I think this works and the complexity is O(sqrt(n))
#include<cmath>
#include<cstdio>
#include<iostream>
#include<cstring>
#include<cstdlib>
using namespace std;
# define INFY 1000000007
int main()
{
int n, i, j;
int val, minDiv, minDis;
while(1)
{
cin >> n;
minDis = INFY;
for (i = n; i <= n+2; i++)
{
for (j = 1; j*j <= i; j++)
{
if (i % j == 0 && minDis > (i/j - j) )
{
minDis = i/j - j;
minDiv = j;
val = i;
}
}
}
cout<<val<<" "<<minDiv<<" "<<val/minDiv<<endl;
}
//system("pause");
return 0;
}
On Mar 22, 10:34 am, atul anand <[email protected]> wrote:
> @Rujin : mathematically point 2.2 seems straight forward but can we achieve
> value of x and y with an algo whose complexity wud be O(sqrt(E)) ??
>
>
>
>
>
>
>
> On Wed, Mar 21, 2012 at 2:37 PM, Rujin Cao <[email protected]> wrote:
> > One possible way is:
>
> > 1) Put the three candidate number together into an array [n, n + 1, n + 2]

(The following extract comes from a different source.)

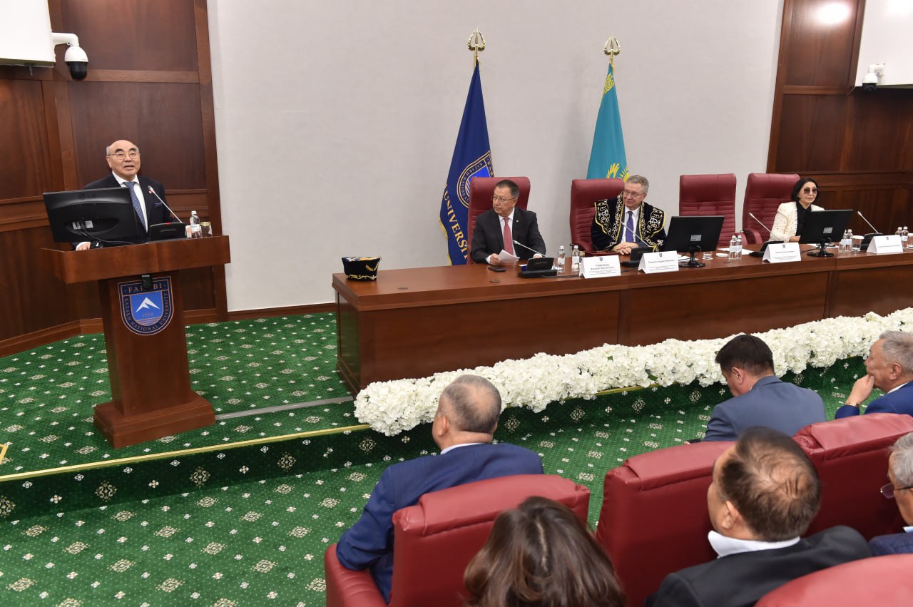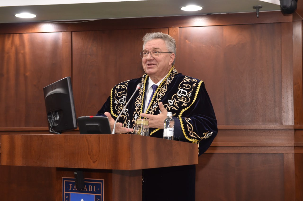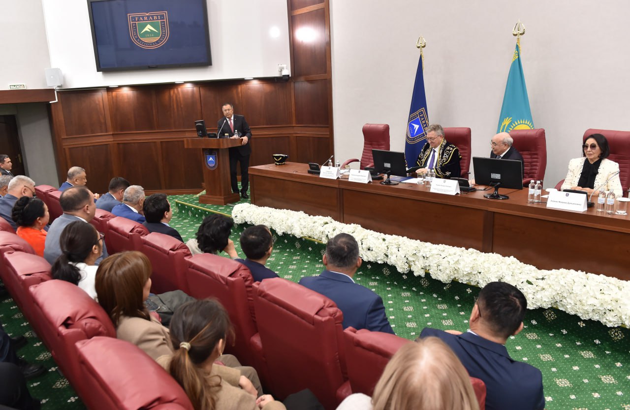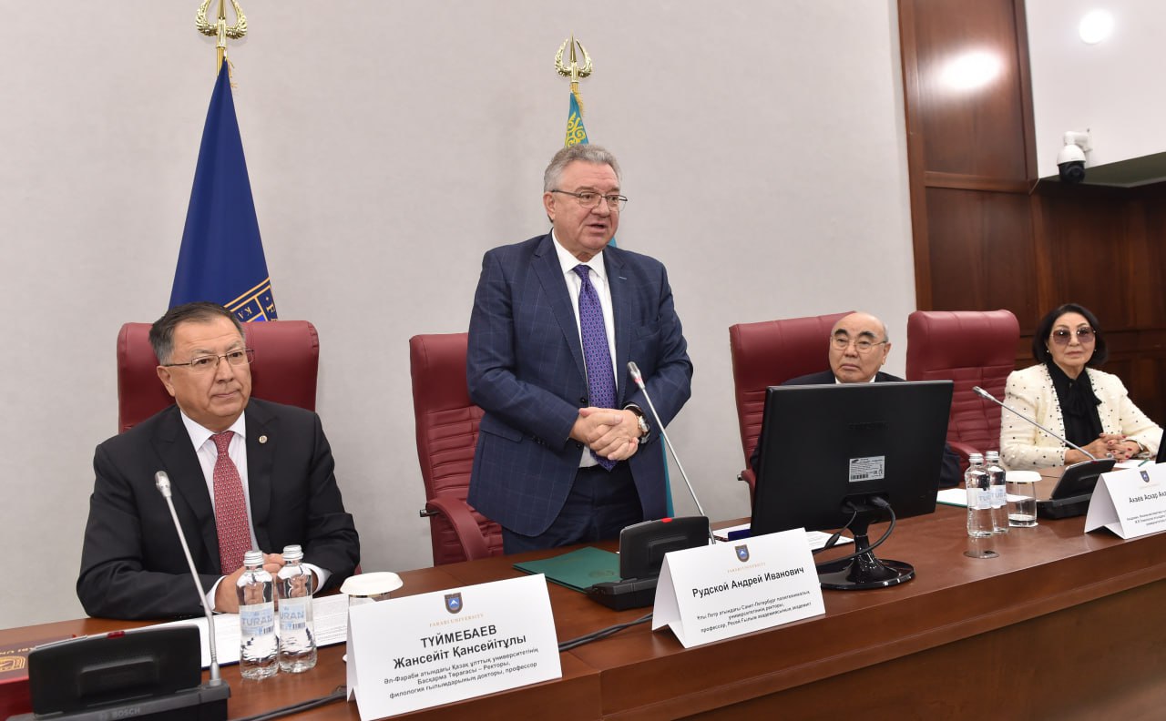 Сөз соңында Жансейіт Түймебаев Ғылыми кеңес шешімімен Андрей Рудскойға «ҚазҰУ-дың Құрметті профессоры» атағын салтанатты түрде табыстады.
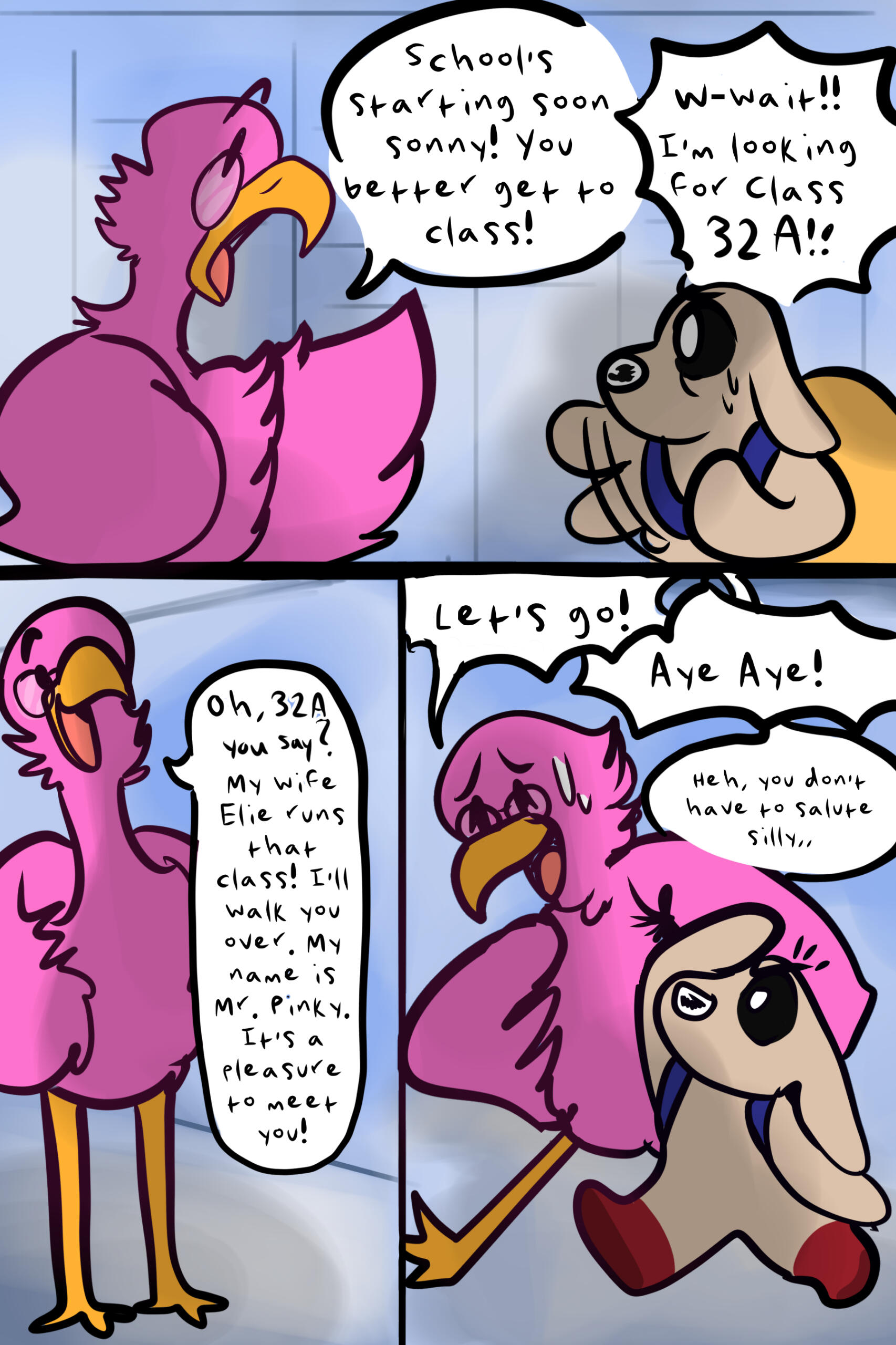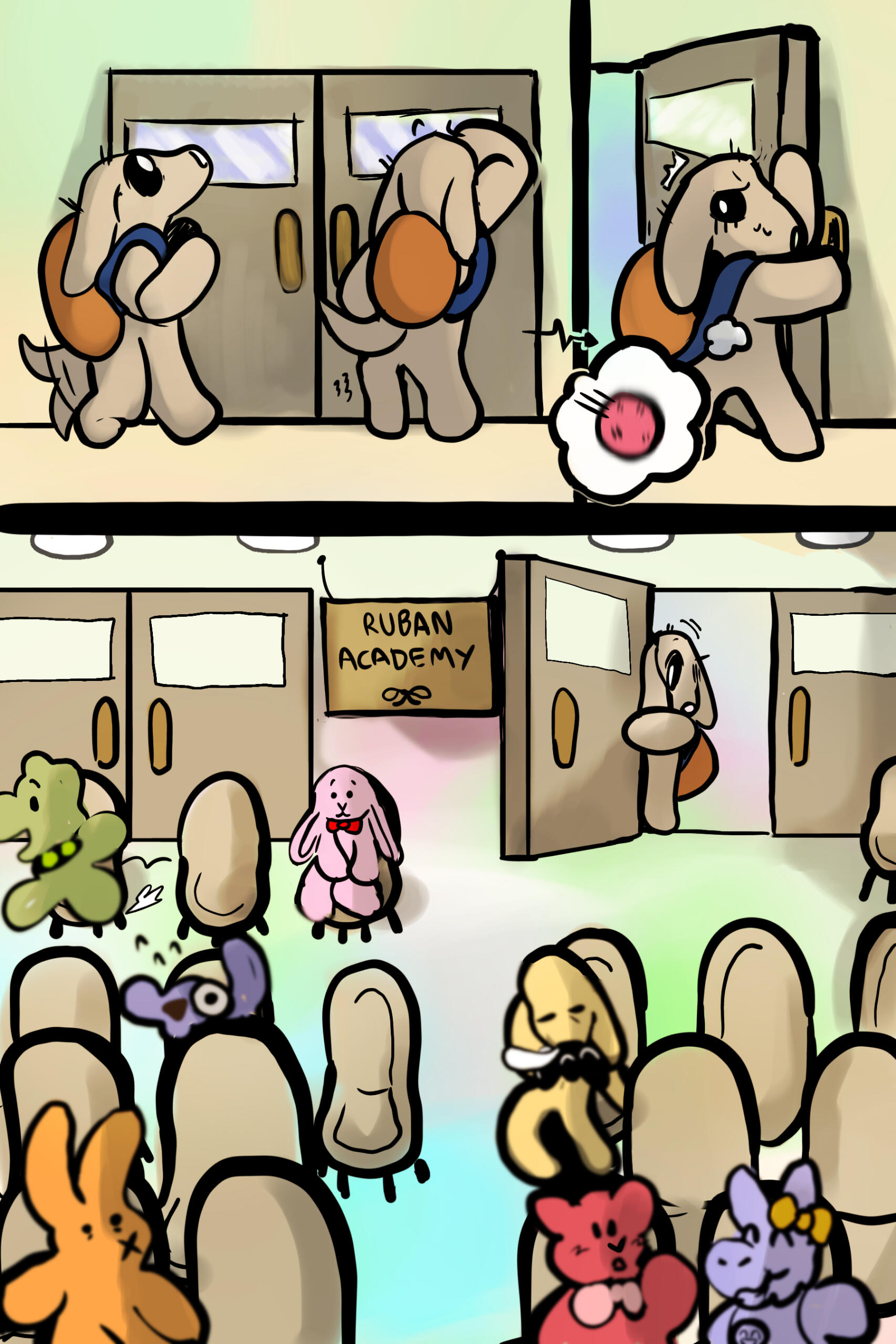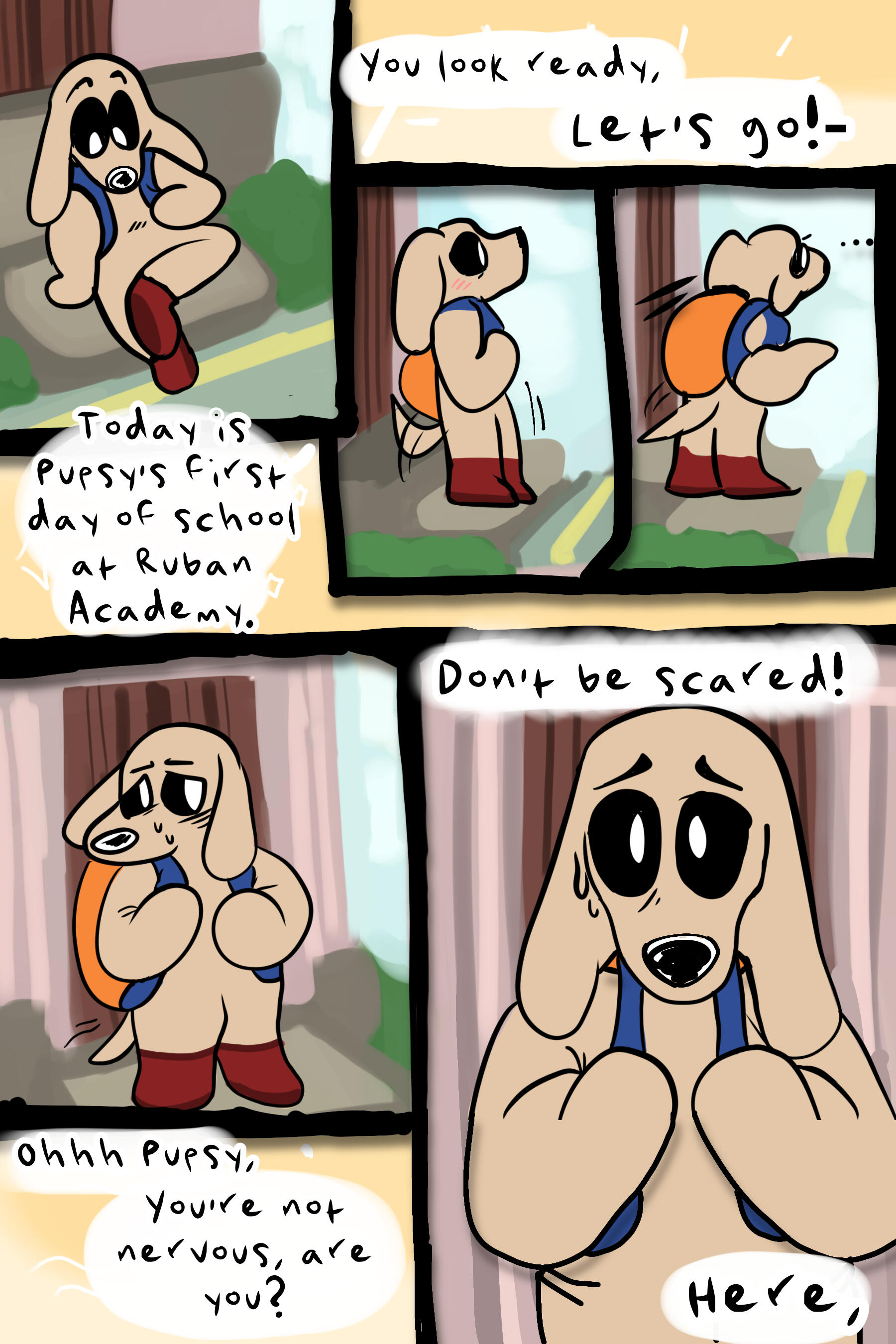 Pupsy is a comic surrounding the life of an anthropomorphic puppy by the same name. Pupsy is attending a new school for the first time. The school, regarded as Ruban Academy, is home to many students. While there are kind students, and even some more rowdier students, no student is as mysterious and as enchanting as the student Pupsy encounters, the golden retriever Goldie Brown. Our hero Pupsy is smitten and feels a flutter in his chest when meeting her after the first school day. He has never been one to make decisions on his own, nor has he had the agency to do so, but he feels his destiny is within his paws...With many new friends, occasional obstacles, as well as some bumps across his path, Pupsy will learn what love means to him. Whether in life, in his friends, in his peers and mentors...

> > 2) Iterate each element *E* in that array and test whether *E* is a prime
> > number
> > 2.1) If it is, there will be only one way to find the two numbers
> > product to be *E*, i.e. {x = 1, y = E} OR {x = E, y = 1}, so the result
> > is E - 1
> > 2.2) Otherwise, we should choose x and y that are closest to the
> > sqrt of *E*, which is quite straight forward.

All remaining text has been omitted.